Last night I learned a valuable lesson. If you drink a Dr. Pepper at 9:15pm, it will keep you awake until 3:15am. Apparently six hours is the lifespan of caffeine in my body. Sigh. I really do KNOW this, but once in a while I give it a 'test run' & find out all over again that my system is sensitive to caffeine still. I guess somewhere in the back of my brain I think I'll "outgrow" the sensitivity. ha ha!

So after being up til 3am last night, I slept until about 8:30 this morning. And I only woke up then because my phone was buzzing. I hit the button to send it to voice mail, but they didn't leave a message. And the caller ID said "RESTRICTED". Grrrrrrrrrr! I was able to doze off again, though. But not for long -- Larry got up to take Samuel to do a swimming merit badge for Scouts and of course I can't sleep if anyone else is up & around in the house. So that was that. I was up by 9:00 for the day. I guess six hours of sleep will have to do. I can function on that, but I'd like to get more if I can.

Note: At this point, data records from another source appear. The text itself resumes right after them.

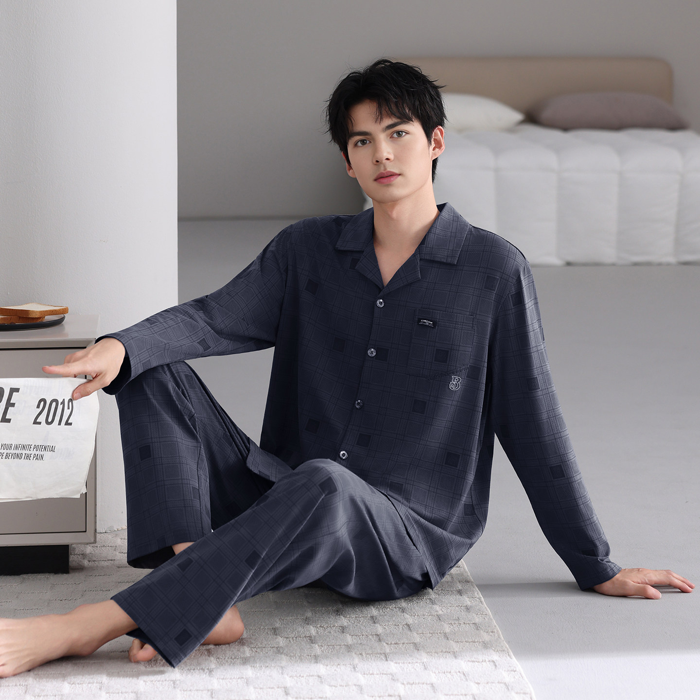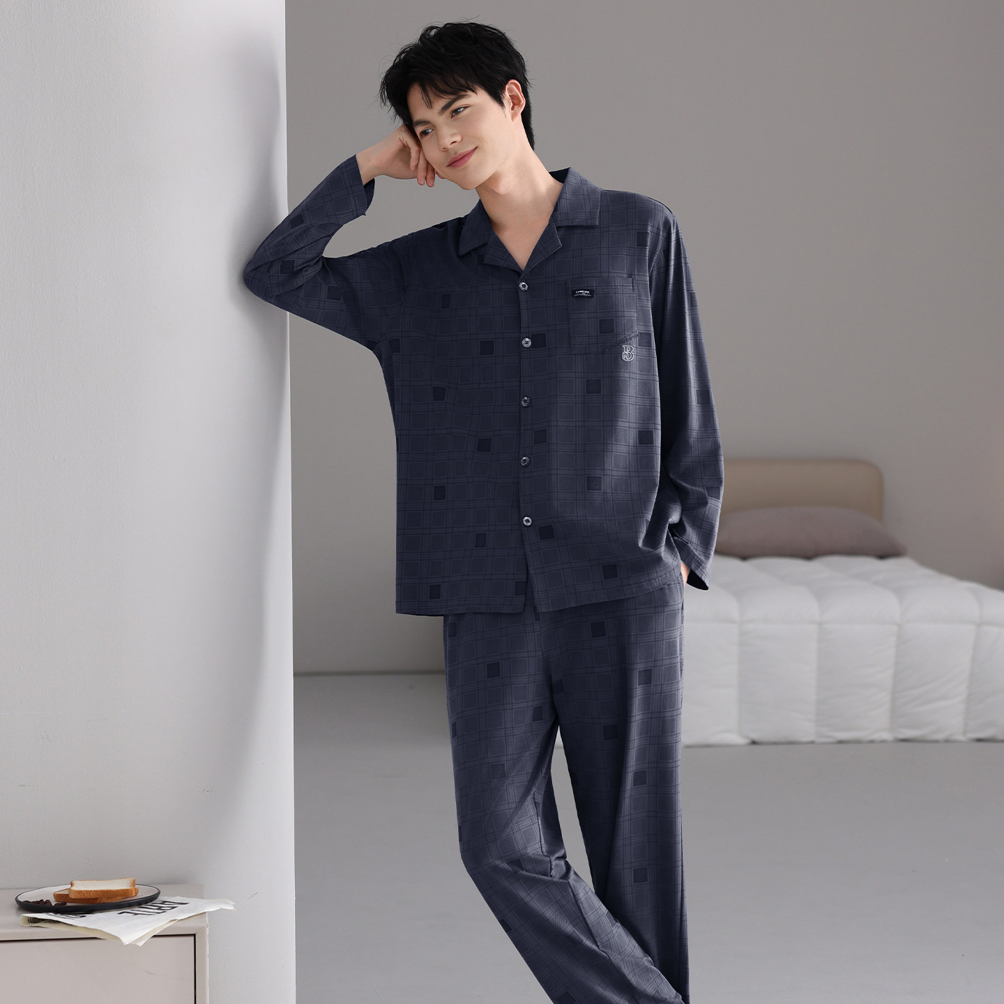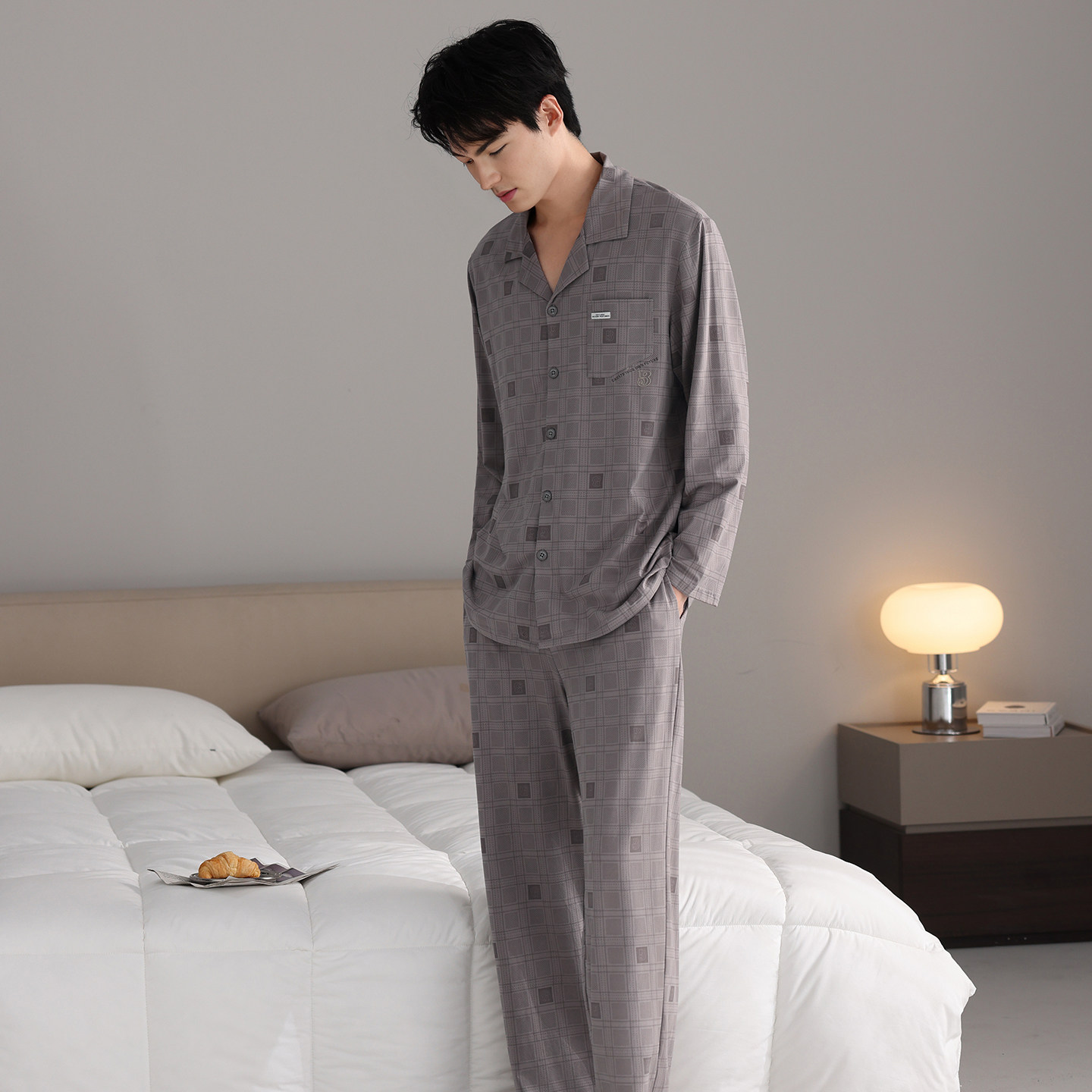 青年休闲宽松翻领格子秋季 芬腾纯棉长袖 春秋款 睡衣套装 家居服 男士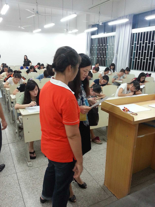 本网讯(通讯员 林名仲) 9月15日晚6点30分,为选拔优秀学生参加由外语教学与研究出版社联合教育部高等学校大学外语教学指导委员会和教育部高等学校英语专业教学指导分委员会主办的2014年“外研社杯”全国英语写作比赛,由院大学外语专业指导委员会主办,外国语系承办的2014年“外研社”杯全国英语写作大赛初赛在知新楼举行,钟春敏副院长,教务处胡楚处长、基础课部主任杨旭等领导在外国语系冯健主任陪同下对竞赛进行了巡视指导。
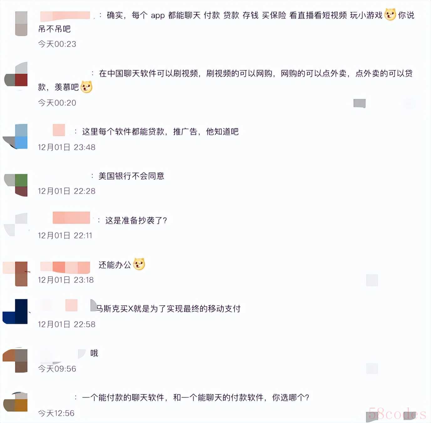面对马斯克这明晃晃的野心,不少网友表示:“ 巨头羡慕的是把人围起来赚钱的模式,并不代表国外用户羡慕这个模式。 ”“ 他只管赚钱就行了,用户难不难用跟他有什么关系。 ”“ 这里每个软件都能贷款,推广告,他知道吧。 ”“ 马斯克买 X 就是为了实现最终的移动支付。 ”“ 一个能付款的聊天软件,和一个能聊天的付款软件,你选哪个? ”“ 在中国聊天软件可以刷视频,刷视频的可以网购,网购的可以点外卖,点外卖的可以贷款,羡慕吧。 ”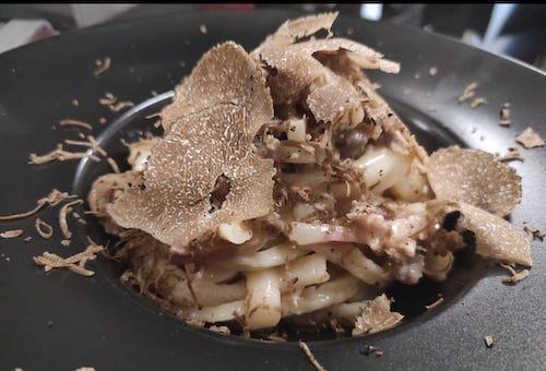 Di ottima fattura sono i “pizzicuni” ( pasta acqua e farina lavorata a mano lunga e spessa) tipico piatto della cucina di Colli di Montebove composto da un condimento povero di salsiccia, guanciale e pecorino con l’immancabile tartufo bianco dei monti carseolani da un’idea dello chef Thomas (giovane collaboratore e braccio destro di Elisa) e i maccaronaccio al pomodoro: un piatto dove usare il bavaglio è d’obbligo.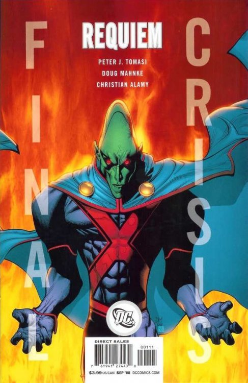 Members of the superhero community gather to commemorate the life of their fallen comrade J’onn J’onzz – the Martian Manhunter. The Martian Manhunter recently lost his life at the hands of Libra and his Secret Society. What some of the heroes are only now beginning to discover however, is that in his last moments, J’onn broadcast a telepathic message imprinting the whole of Martian history and culture into the brains of his closest allies. Each of them reflect upon the life of the man they knew. After the Earth-bound services are held, the heroes of Earth, along with the Green Lantern Corps bring J’onn’s remains to his homeworld Mars to be laid to rest.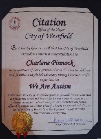 We Are Autism was formally recognized by the City of Westfield for its commitment to supporting children and families and advocating for individuals with disabilities. This recognition affirms the importance of parent education, community connection, and supporting families beyond formal services.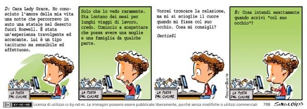 D: Cara Lady Grace, Ho conosciuto l’amore della mia vita una notte mentre percorrevo in auto una statale nel deserto fuori Roswell. È stata un’esperienza travolgente ed accecante. Lui è un tipo taciturno ma sensibile ed affettuoso. Solo che lo vedo raramente. Sta lontano dei mesi in lunghi viaggi di lavoro, credo. Comincio a sospettare che possa avere una moglie e una famiglia da qualche parte. Vorrei troncare la relazione, ma mi si scioglie il cuore quando mi fissa col suo occhio. Cosa mi consigli? Gertie81 – R: Cosa intendi esattamente quando scrivi “col suo occhio”?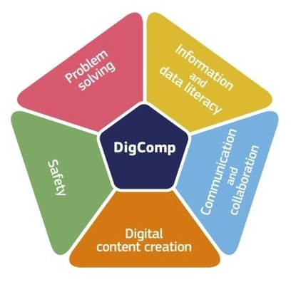 Der Referenzrahmen DigComp strukturiert digitale Kompetenz in fünf Bereiche, die wir für die Präsentation unserer Angebote weitestgehend übernommen haben.
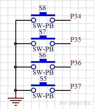 下面我写一个简单的程序,功能为:当一个键按下时,让一个发光二极管发光,我们先看下按键模块在实验板上的原理图,如图7和图8所示。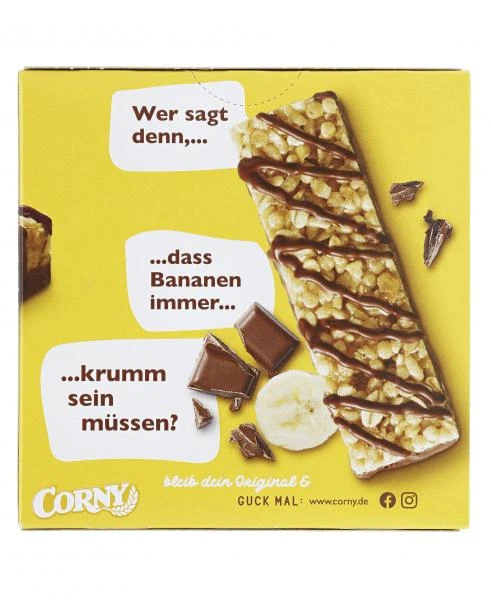 Banane und Schoko passen perfekt zusammen. Wer mag nicht auch schokoüberzogene Bananen vom Jahrmarkt oder ein Bananen-Split? Und auch als Riegel sind Schoko und Banane eine leckere Kombination. Deshalb zu Recht unter den Top 3 der beliebtesten Müsliriegel: der CORNY Schoko-Banane.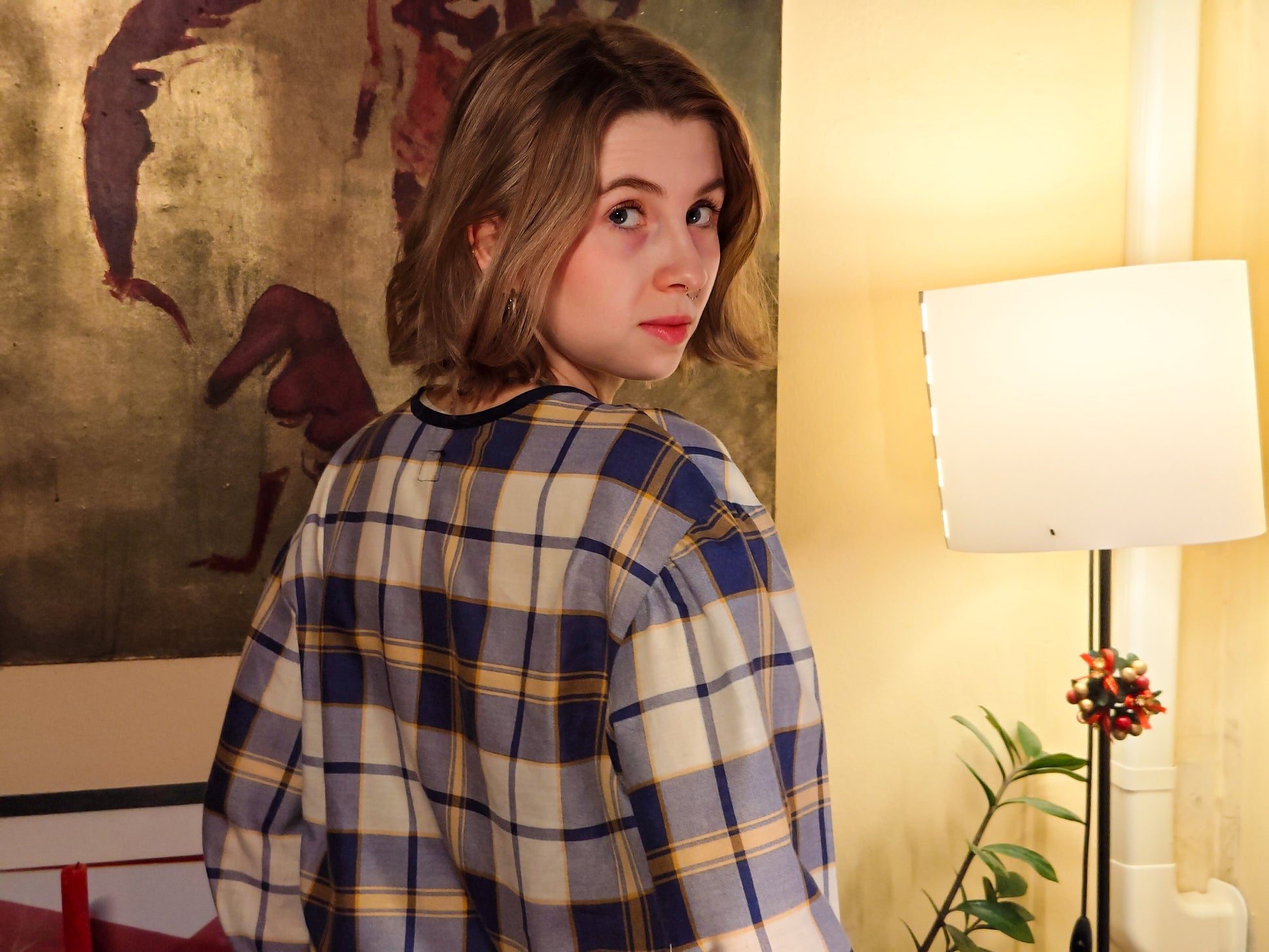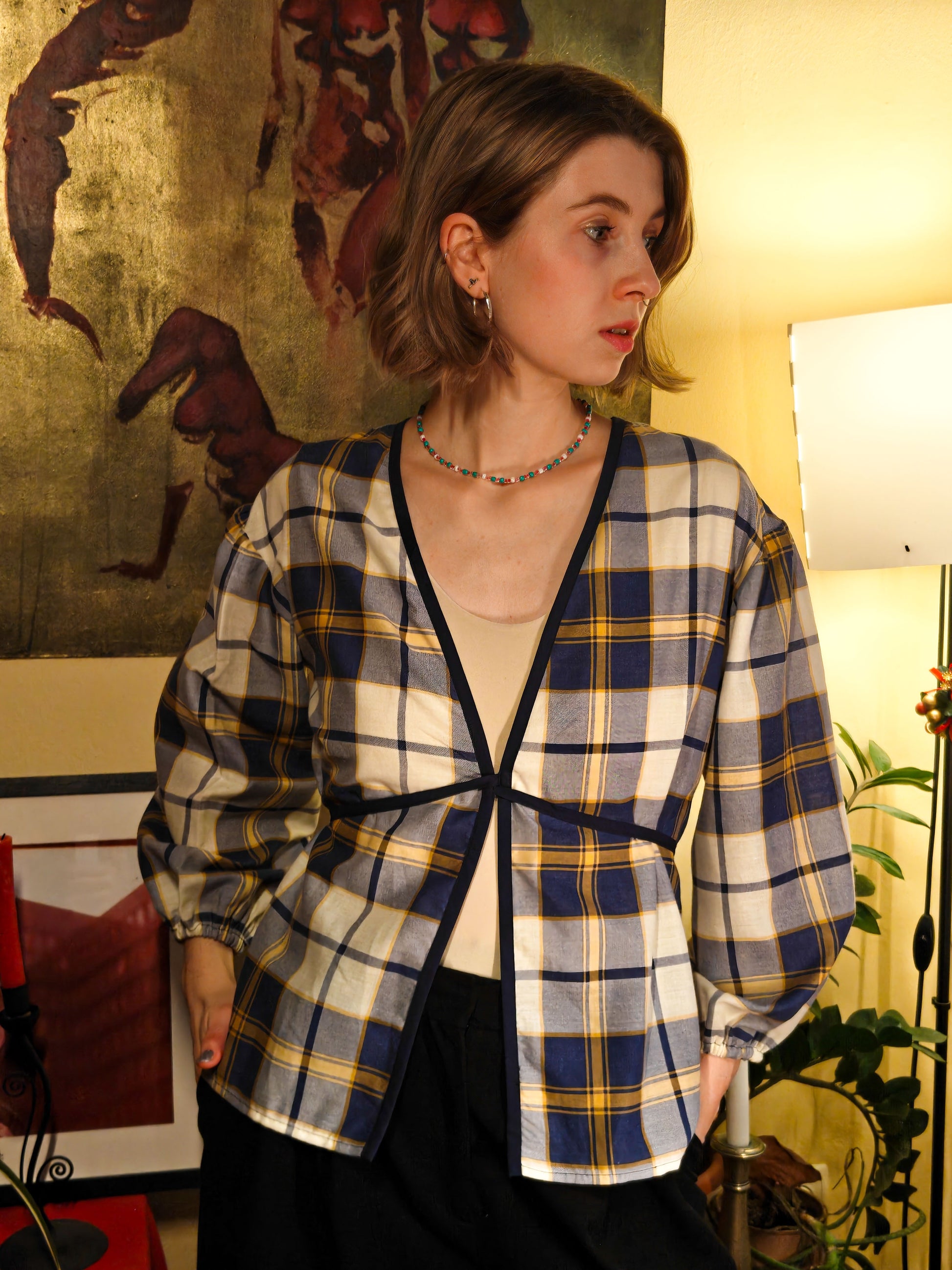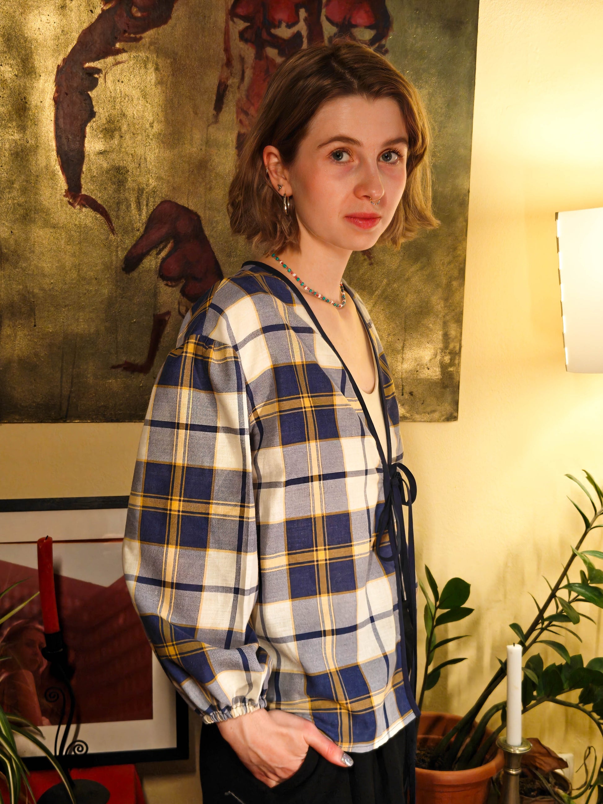 Kék kockás puffos felső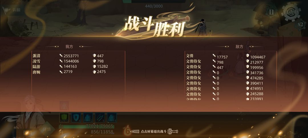 1.打文倩时吃一个出奇制胜,然后上主角凌雪陆游唐婉。对自己伤害有自信的可以自动在控住文倩后不让其回复直接秒杀,不然就要手动绕到后面清小怪。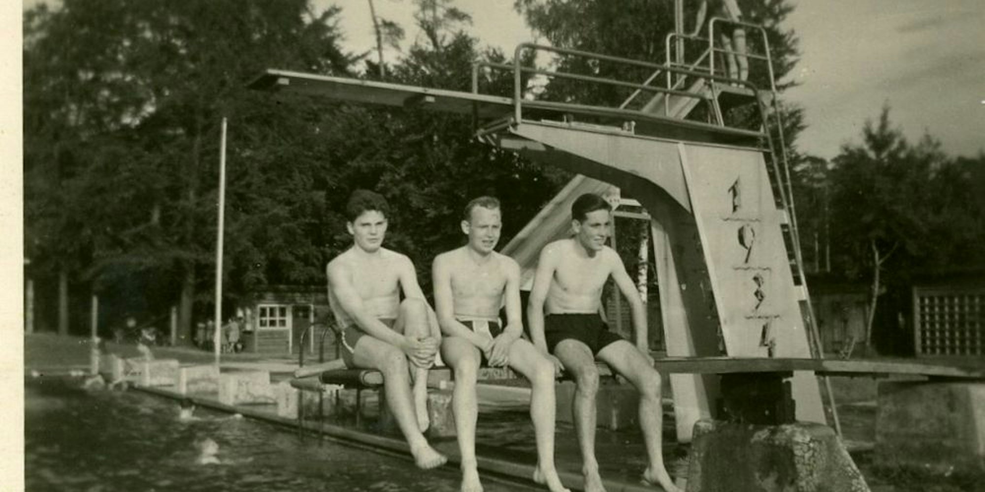 Eine Abkühlung verschafften sich die Gesellen Hermann Hermes, Heinz Görgens und der später dazugekommene Helmut Prinz (v.l.) im Freibad von Burghausen in Oberbayern.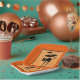 Creative Halloween party plates featuring a cute acrobat bat on the back of a funny black cat.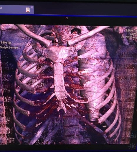Theo đó, trưa ngày 28-5, bệnh nhân N.H.B (53 tuổi, trú ở Quảng Nam) nhập viện sau khi ngã cầu thang, bị một dị vật chưa xác định đâm vào vùng lõm xương đòn và mắc trong ngực, gây khó thở. Ông B. được đưa vào cấp cứu tại BV trong trạng thái hoảng loạn, khó thở, đau tức ở vùng ngực.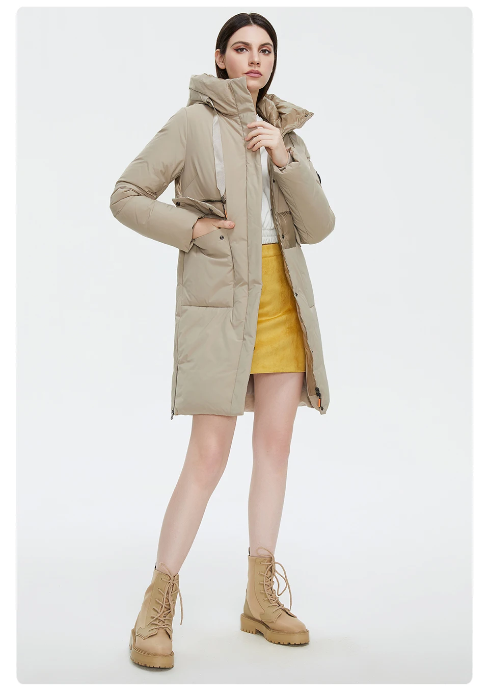 Куртка женская зимняя GASMAN 2021, длинная теплая бежевая пуховая п...
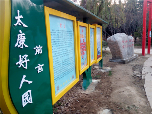 為把好人精神鐫刻在太康發(fā)展和進步的進程中,把太康建設成為好人之城、文明之城、和諧之城、美麗之城、幸福之城,從2018年9月起,太康“好人園”經過緊鑼密鼓地籌建,如今開園迎賓。好人園緊扣“好人”主題,以道德風尚建設為主線,在休閑公園的基礎上,秉承“因地制宜、因勢利導”的原則,堅持寓教于園、寓教于景、寓教于樂,以小處著手、局部微調的手法,通過“好人步道”“好人亭”“好人樹”“好人大舞臺”“好人精神長廊”五大版塊,將道德風尚高地建設與公園的整體風格和功能定位完美結合。好人園兼顧了公園本身特色與文化傳播需要,利用林蔭小道,以石、亭、牌等基礎設施為載體,圖文并茂地展示太康近年來獲得國家和省級表彰的道德典型、身邊榜樣的先進事跡,一步一景,隨景賦形。市民在游園過程中,潛移默化地接受“真、善、美”的教育和熏陶,激發(fā)人們見賢思齊,榜樣的引領作用不斷放大。

After they left, Sarah & I curled up on the couch & recliner in the living room and watched the Justin Bieber movie "Never Say Never". It's basically a documentary of his last tour. (Or is it his only tour? I really don't know.) I will admit that I only watched it because my daughter wanted me to....but it turned out good. I really didn't know Justin's "story". He's really living somewhat of a 'rags to riches' sort of life -- very interesting. While I may have not watched & immediately caught Bieber Fever, I do have a better grasp on why the girls all love him now. He's a clean cut, sweet kid with teeny-bopper music. I couldn't help but remember my own fascination with Garth Brooks when I was that age.

After watching the movie, I should've gotten up & got busy on some chores, but I didn't. We had lunch (it was nearly 1pm by then) and hung out. I read quite a few chapters from an awesome book I'm reading this afternoon. It's one I got from Book Sneeze (see button in my sidebar) a few weeks ago. I just got started on it a couple days ago & wow....it's really good! I'll be blogging my review soon. I suspect it won't take but another day or two for me to finish this one! If you want to go take a peek at what Amazon has to say about it, click HERE.

Tonight I'm hitting the bed a bit early to make up for last night. Sleep well, friends!